[Source data]
┄┄┄┄┄┄┄┄┄┄

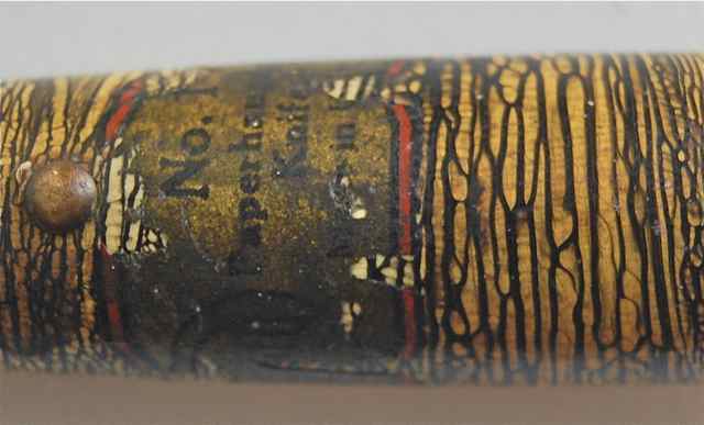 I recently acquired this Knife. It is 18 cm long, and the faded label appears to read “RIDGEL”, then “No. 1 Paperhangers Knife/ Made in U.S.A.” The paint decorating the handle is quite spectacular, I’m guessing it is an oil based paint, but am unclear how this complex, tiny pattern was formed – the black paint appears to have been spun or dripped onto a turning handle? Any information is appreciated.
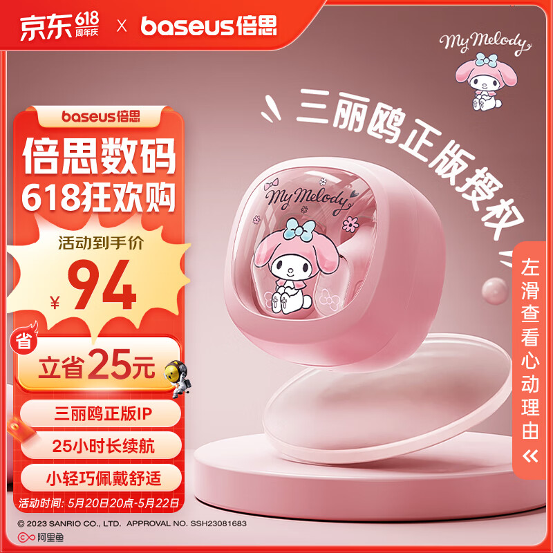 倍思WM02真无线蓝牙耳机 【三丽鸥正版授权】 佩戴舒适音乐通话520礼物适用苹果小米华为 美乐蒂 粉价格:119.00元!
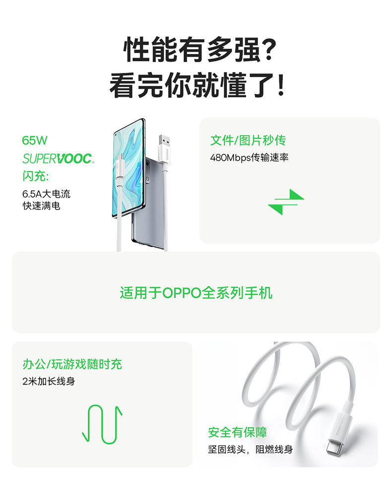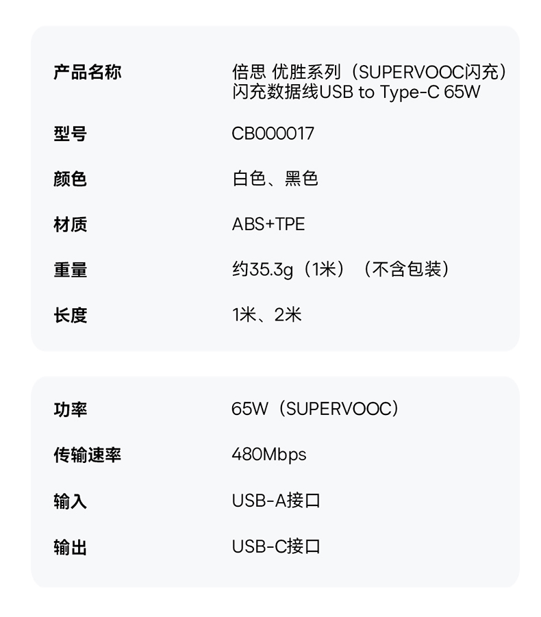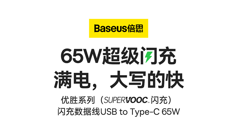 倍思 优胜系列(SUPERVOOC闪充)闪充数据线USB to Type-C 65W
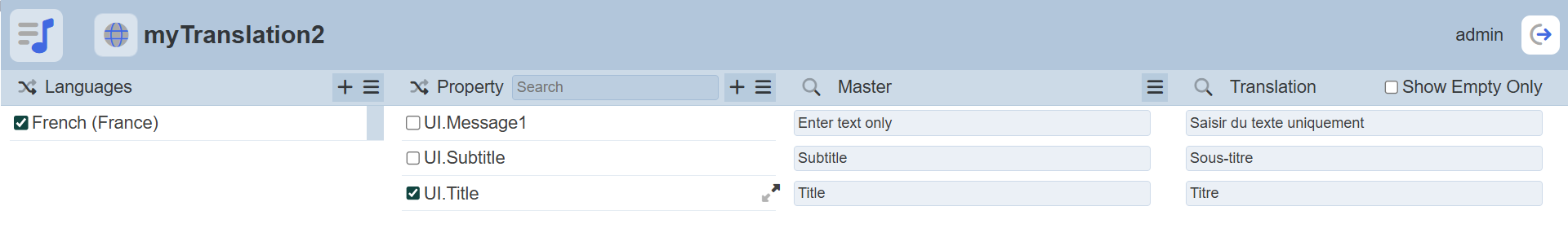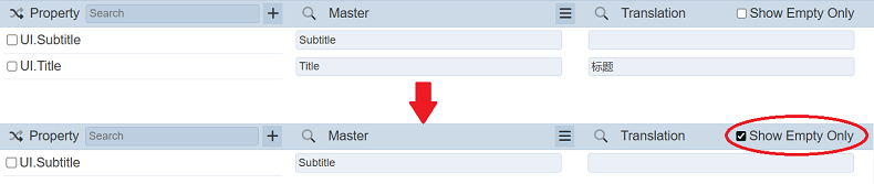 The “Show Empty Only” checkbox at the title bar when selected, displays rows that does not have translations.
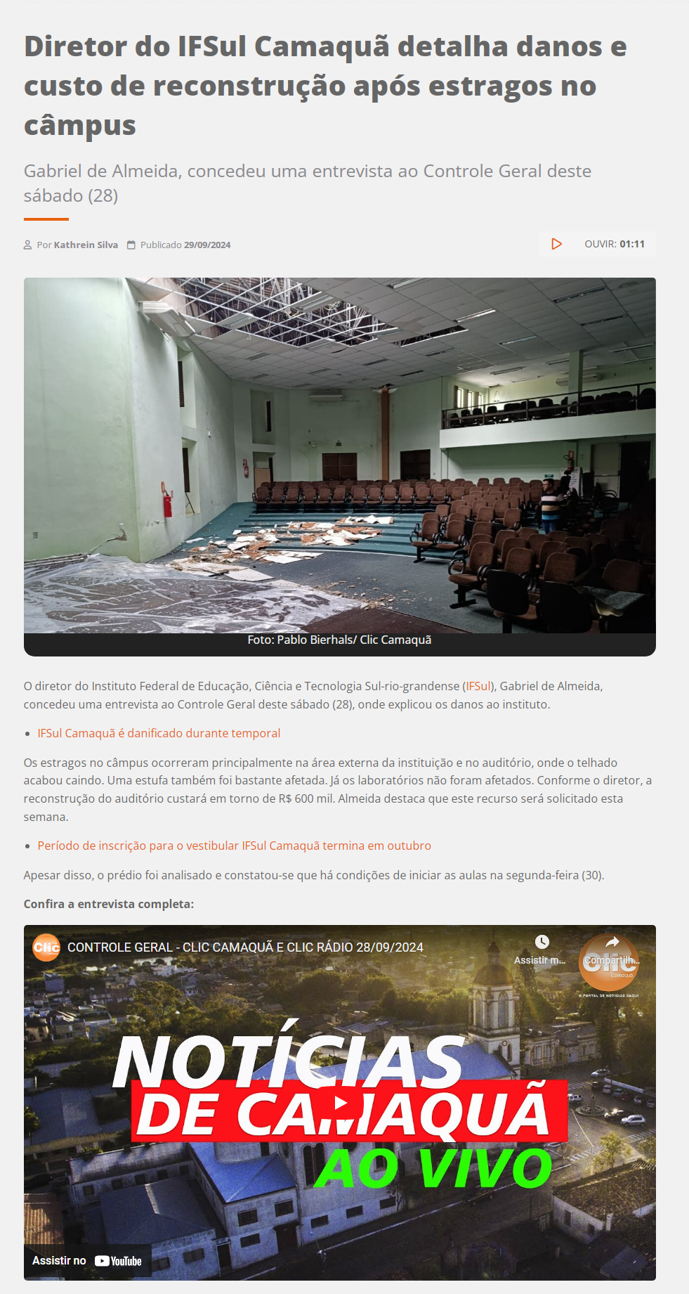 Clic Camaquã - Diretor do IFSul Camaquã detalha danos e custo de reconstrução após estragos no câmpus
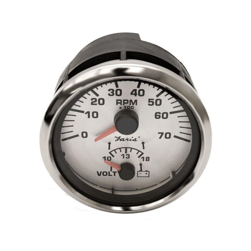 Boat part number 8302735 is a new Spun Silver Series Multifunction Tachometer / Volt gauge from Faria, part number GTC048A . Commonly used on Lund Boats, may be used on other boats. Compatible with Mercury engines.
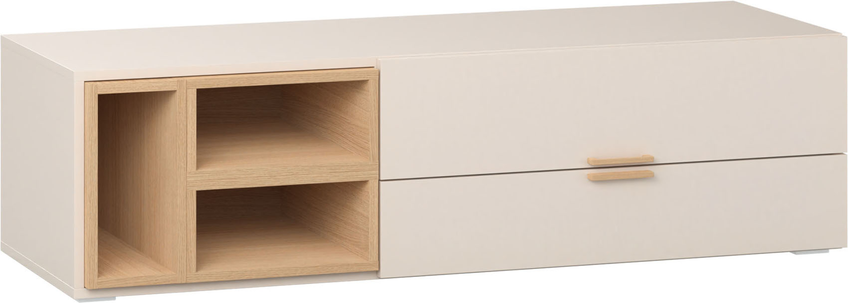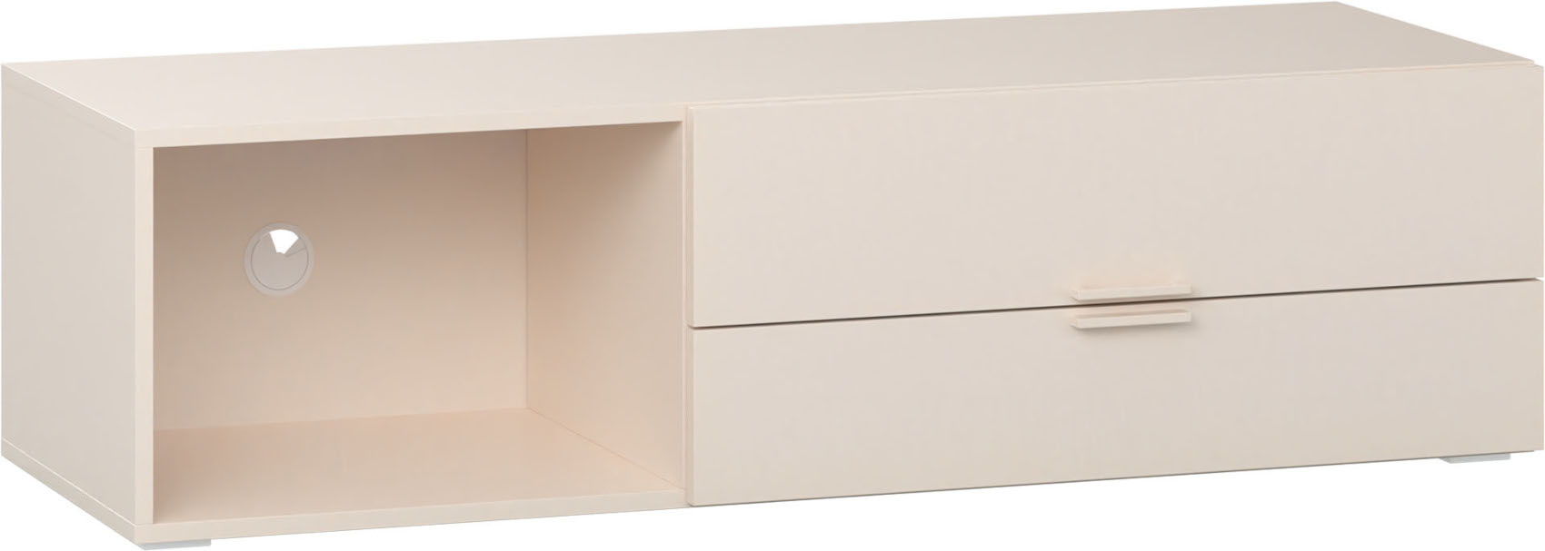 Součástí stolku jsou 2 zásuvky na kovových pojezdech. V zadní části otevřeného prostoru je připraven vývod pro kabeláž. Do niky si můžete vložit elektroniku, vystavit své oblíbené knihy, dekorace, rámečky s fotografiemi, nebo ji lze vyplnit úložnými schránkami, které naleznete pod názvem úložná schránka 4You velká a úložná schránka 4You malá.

┄┄┄┄┄┄┄┄┄┄

With pictures left out, transcribe each line from the one containing "Boat part number" through the end of the data, both ends included.

 Boat part number 8302735 is a new Spun Silver Series Multifunction Tachometer / Volt gauge from Faria, part number GTC048A . Commonly used on Lund Boats, may be used on other boats. Compatible with Mercury engines.
 Součástí stolku jsou 2 zásuvky na kovových pojezdech. V zadní části otevřeného prostoru je připraven vývod pro kabeláž. Do niky si můžete vložit elektroniku, vystavit své oblíbené knihy, dekorace, rámečky s fotografiemi, nebo ji lze vyplnit úložnými schránkami, které naleznete pod názvem úložná schránka 4You velká a úložná schránka 4You malá.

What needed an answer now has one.